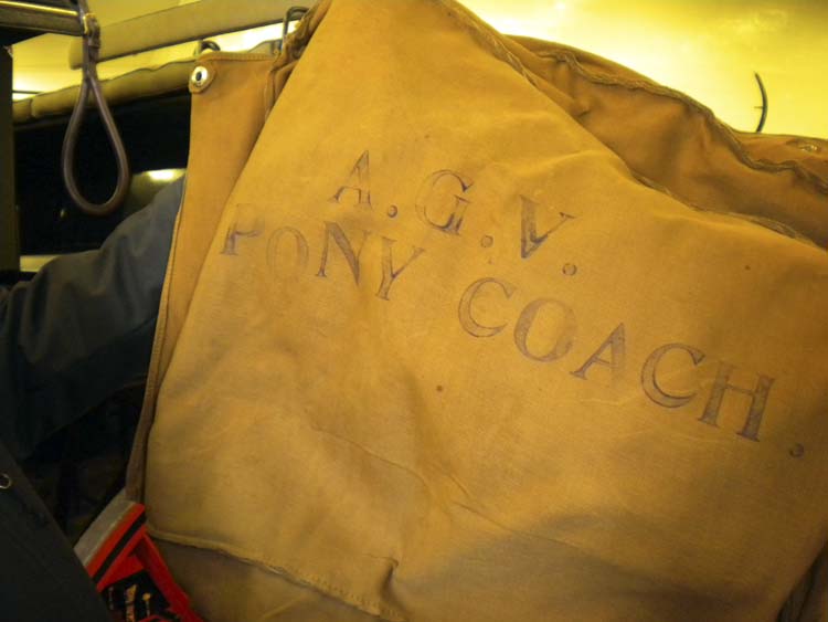 This coach was built in the style of a Park Drag, but sometime during its lifetime was converted to the brighter colors and the look of a Road Coach. It was built to be pulled by a team of Hackney ponies, so it’s three-quarters the size of regular coach.
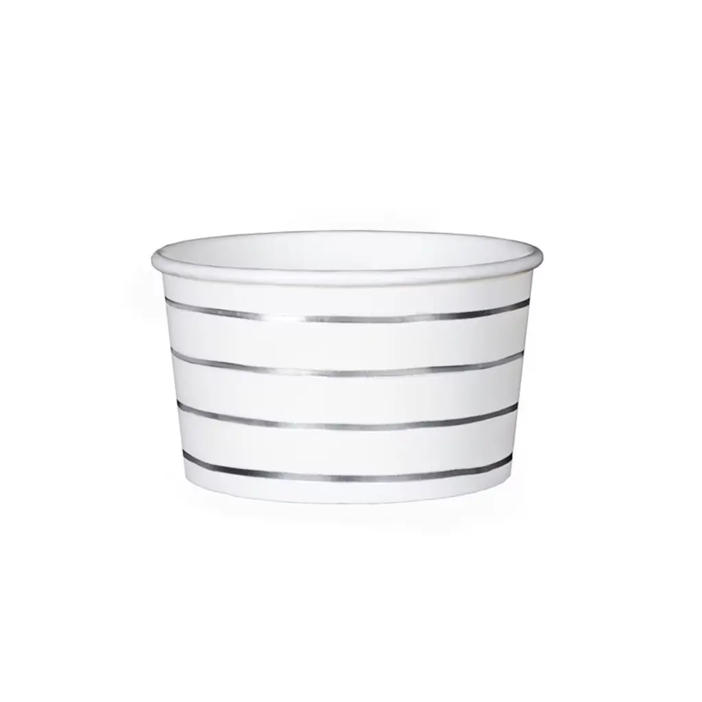 Ooh la la! Inspired by the iconic French Breton stripe, these striped paper treat cups are anything but basic. Let them stand alone or mix and match with another pattern to create your own stylish party look! Perfect for snacks, ice cream, and other treats! Packagae contains 8 treat cups Each cup is approximately 6 oz. capacity Food safe Not safe for microwave use
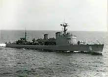 In 1933 the Swedish government granted the construction of two new destroyers.[1] The destroyers were given names of Swedish coast towns and so this class was called Stadsjagare ("Town-class destroyers"). The first ship was delivered in 1936 and the second in 1937. In 1936 two additional destroyers were ordered and after the war broke out a third pair was ordered as well.[2] After the war all destroyers except Göteborg which was in poor shape from the Hårsfjärden disaster received a refit where the center gun was moved to the X position on the aft deckhouse and the anti-aircraft armament (consisting of four modern Bofors 40 mm L/70 guns) was concentrated on a platform around the rear funnel. In 1958–1963 three of the destroyers were rebuilt as frigates that included a change of armament. The first ship to be decommissioned was Göteborg in 1958. In the decade that followed all ships were decommissioned, the last in 1968.
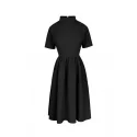 Šaty s přiléhavým horním dílem, reglánovými rukávy a zajímavým ohrnutým límcem. Díky zvýrazněnému pasu a rozšířené spodní části jsou šaty velmi ženské a reagují na každý váš pohyb. Šaty se zapínají na skrytý zip.
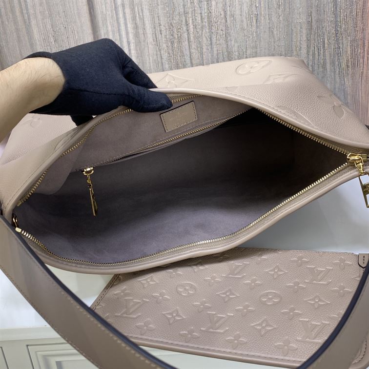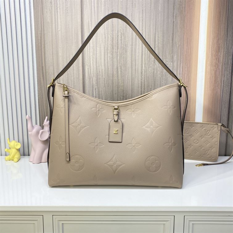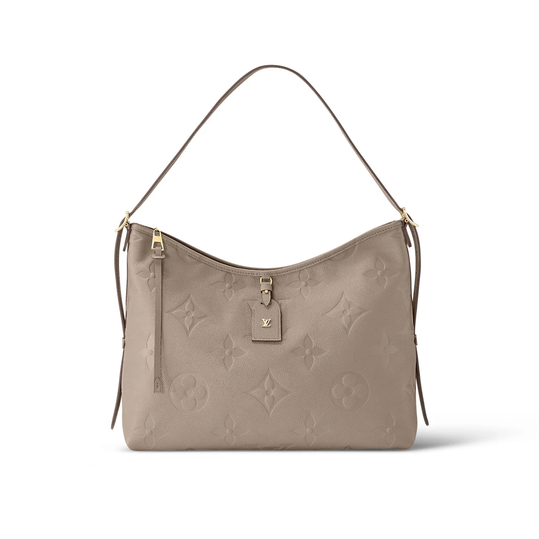 CarryAll MM Handbag Tourterelle Gray crafted from Monogram Empreinte. The strap adjusts for hand, shoulder or cross-body carry. Removable zipped pouch attached by a leather cord.

_Try it_: Ignoring the pictures, write out word for word only the lines from the one containing "Šaty s přiléhavým" through the last line of the data, both ends included.

_Exercise result_:
 Šaty s přiléhavým horním dílem, reglánovými rukávy a zajímavým ohrnutým límcem. Díky zvýrazněnému pasu a rozšířené spodní části jsou šaty velmi ženské a reagují na každý váš pohyb. Šaty se zapínají na skrytý zip.
 CarryAll MM Handbag Tourterelle Gray crafted from Monogram Empreinte. The strap adjusts for hand, shoulder or cross-body carry. Removable zipped pouch attached by a leather cord.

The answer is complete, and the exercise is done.